◆ Task: In the records, find every line with the word "Organization" and copy it out.

◆ Stored items from a collection:
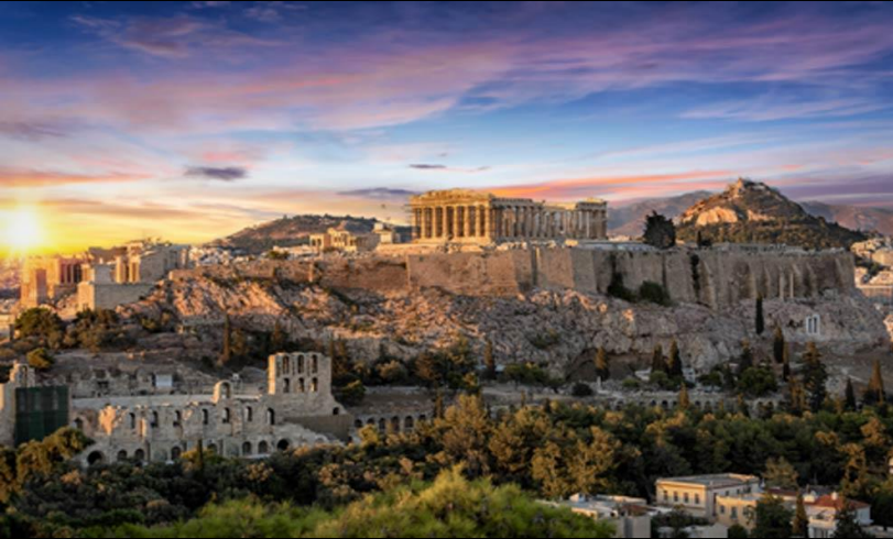
The Acropolis Museum
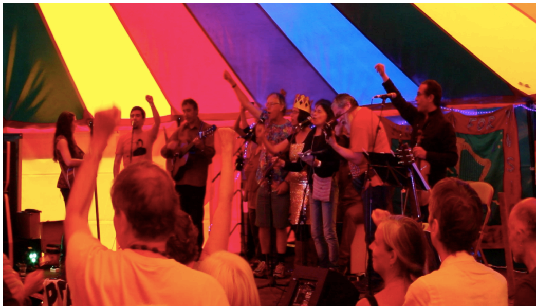
Figure 10. Performance 'El Pueblo Unido'. El Sueño Existe festival 2017

According to Mularski (2014), the song 'El Pueblo Unido Jamás Será Vencido' was part of the intense emotional and political separation between the left and the right during Popular Unity, promoting a revolutionary destiny and evoking strong political images through its lyrics. This song symbolises the 'spirit of militant optimism' lived in this period (Morris 1986, p.122). The first lines of the lyrics say 'Arise, sing. We are going to win'. The song calls for the listener to stand up and struggle. The lyrics refer to a 'new awakening', 'a better life' enacting the fantasy of another and better world. The lyrics of the song propose a metaphoric empowerment of people who rise up and shout like a giant, a symbolic inversion of roles between the people and the powerful ruling class. 'El Pueblo Unido' was also relevant after the coup, sung by Inti Illimani and Quilapayún in their concerts, and translated into different languages; this song was performed with masses of people, demonstrating an ability to convene higher numbers of people than the politicians could muster (McSherry 2016, p.3).
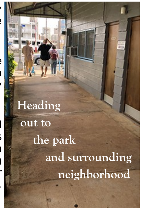
Heading out to the park and surrounding neighborhood

The Sandwich Ministry is continuing to expand and help is always needed to make sandwiches as well as distribute to those in need. If you would like to help with this continuing endeavor either through monetary support or volunteering your time, please contact St. Mary's for more information.
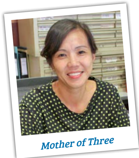
Mother of Three

Follow #PeopleOfNeeSoon on Facebook to read more stories of people around you.
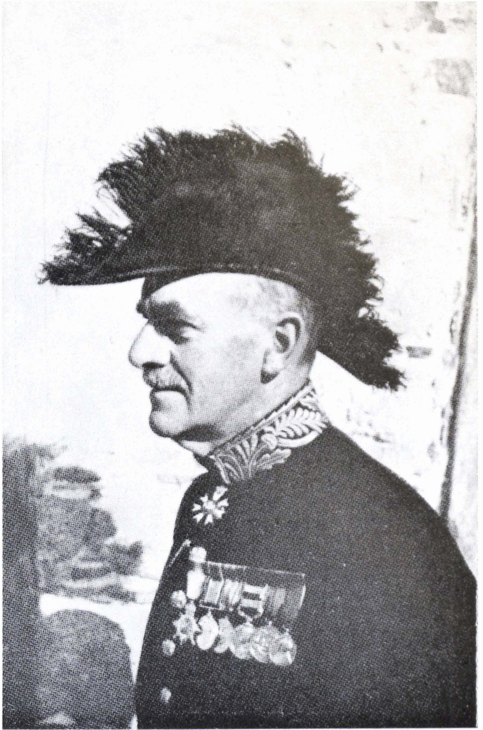
SIR BASIL GOULD
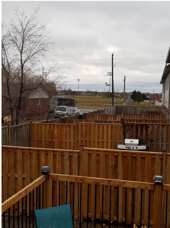
Current View From My Deck
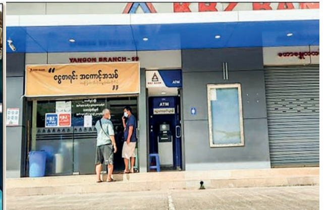
Robbery case at Kanbawza Bank.
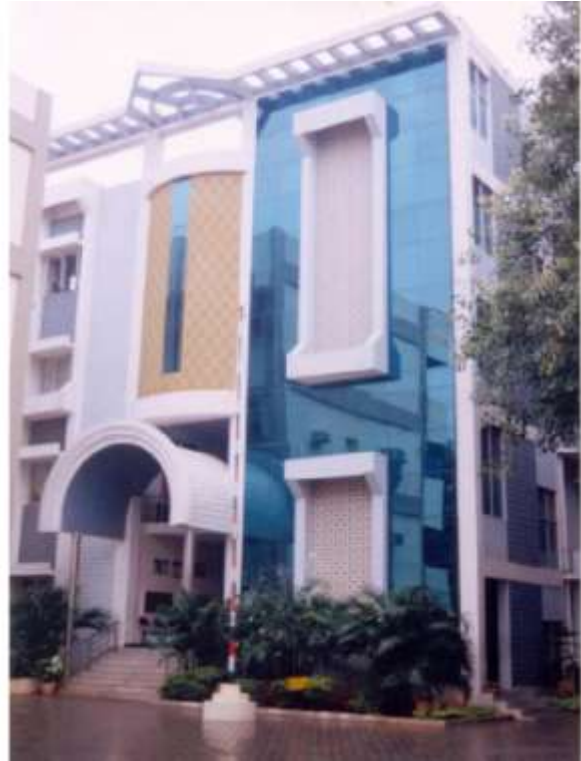
M.C.A BLOCK (PETHACHI CHETTIAR BLOCK)
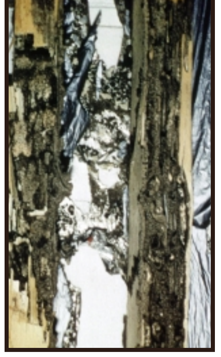
Subterranean termite damage to wall studs
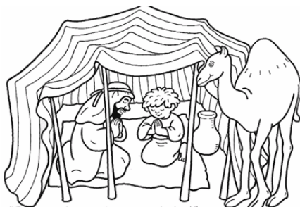
"Blessed is the man who trusts in the Lord." Jeremiah 17:7

Thank you Jesus for the day. Watch me while I work and Play. Preach your word to all my friends Keep me safe till the days' end. Thank you Jesus for the day These are the words that I pray.
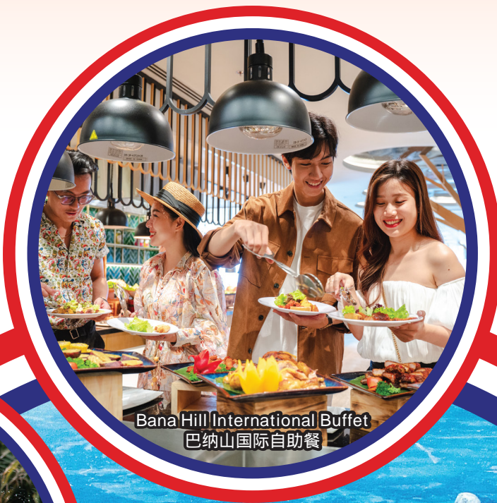
Bana Hill International Buffet 巴纳山国际自助餐
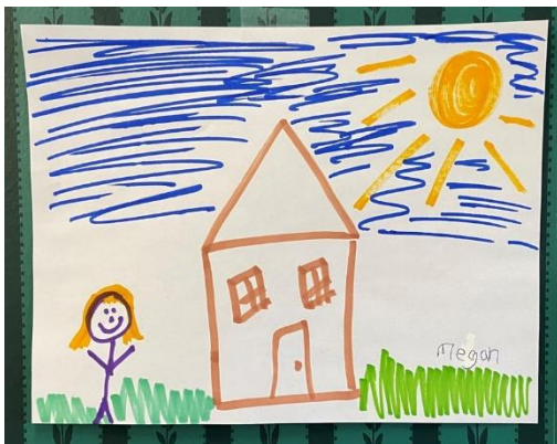
Figure 4 United Way of Greenbrier Valley - A small girls drawing because she was so ecstatic over her home being rebuilt after a flood.
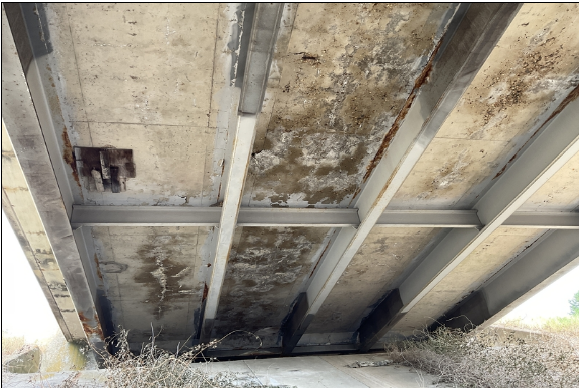
Soffit span 4
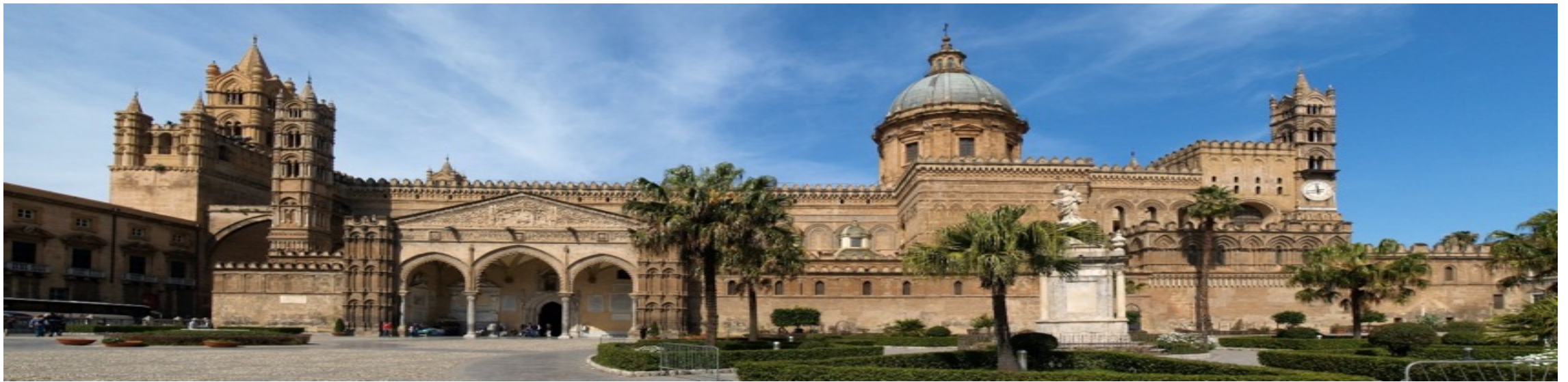
↑ Cathedral of Palermo
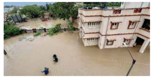
An area is waterlogged after heavy rain following the landfall of the Cyclone Biparjoy, in Kutch district on Friday

The Gujarat Government is currently facing the immediate challenge of restoring electricity in approximately 1,000 vil-
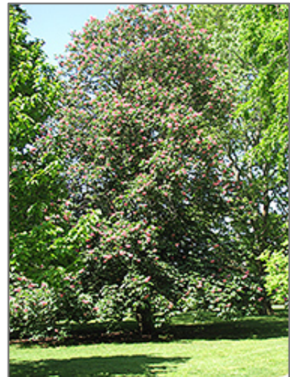
Red Horse Chestnut in bloom
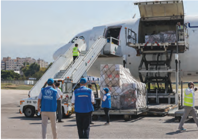
Ground staff unload a medical aid shipment provided by the World Health Organization (WHO) and the United Nations High Commissioner for Refugees (UNHCR), from a plane at the Beirut International Airport

"An airlift... landed in Beirut earlier this morning with 30 metric tonnes of trauma and surgical supplies, enough to treat tens of thousands people," the World Health Organization's regional director Hanan
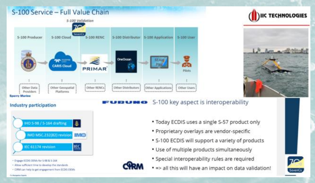
Compilation of some key topics and issues addressed at the IHO Stakeholders' Open Session

The IHO Stakeholders' Open Session was supported by 5 enlightening presentations aiming to provide the state-of-the-art of technology and innovation in support of hydrographic activities. The presenters also shared their vision on the new challenges for the validation of S-100 based products and their use on board ships. They also raised the awareness of HSSC Members and Working Groups on the best way to manage the transition in order to ensure that the regulatory environment can be formed to allow the benefits of S-100 to be realised in a safe and timely manner.
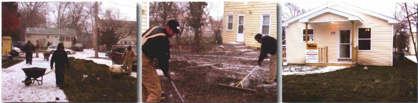
Members of the MAGCS Class C Committee makes a difference by sodding a Habitat for Humanity home in Aurora. The group will finish landscaping this home in Spring.

As the weather breaks the Class C Committee and others will meet again and finish up the project. If you would like to help, please feel free to contact me or the MAGCS office. -OC
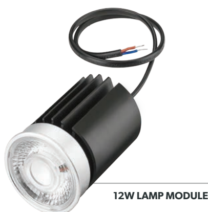
12W LAMP MODULE
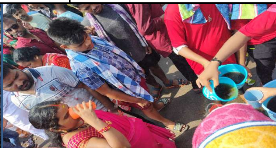
Red Cross volunteers provided Cold Cola Drinks to the devotees to avoid dehydration
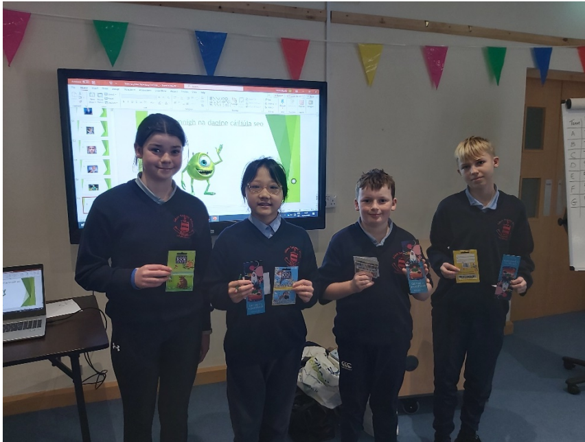
Tráth na gCeist – Winners - Gilson N.S. Oldcastle

◆ Answer area:
Ground staff unload a medical aid shipment provided by the World Health Organization (WHO) and the United Nations High Commissioner for Refugees (UNHCR), from a plane at the Beirut International Airport
"An airlift... landed in Beirut earlier this morning with 30 metric tonnes of trauma and surgical supplies, enough to treat tens of thousands people," the World Health Organization's regional director Hanan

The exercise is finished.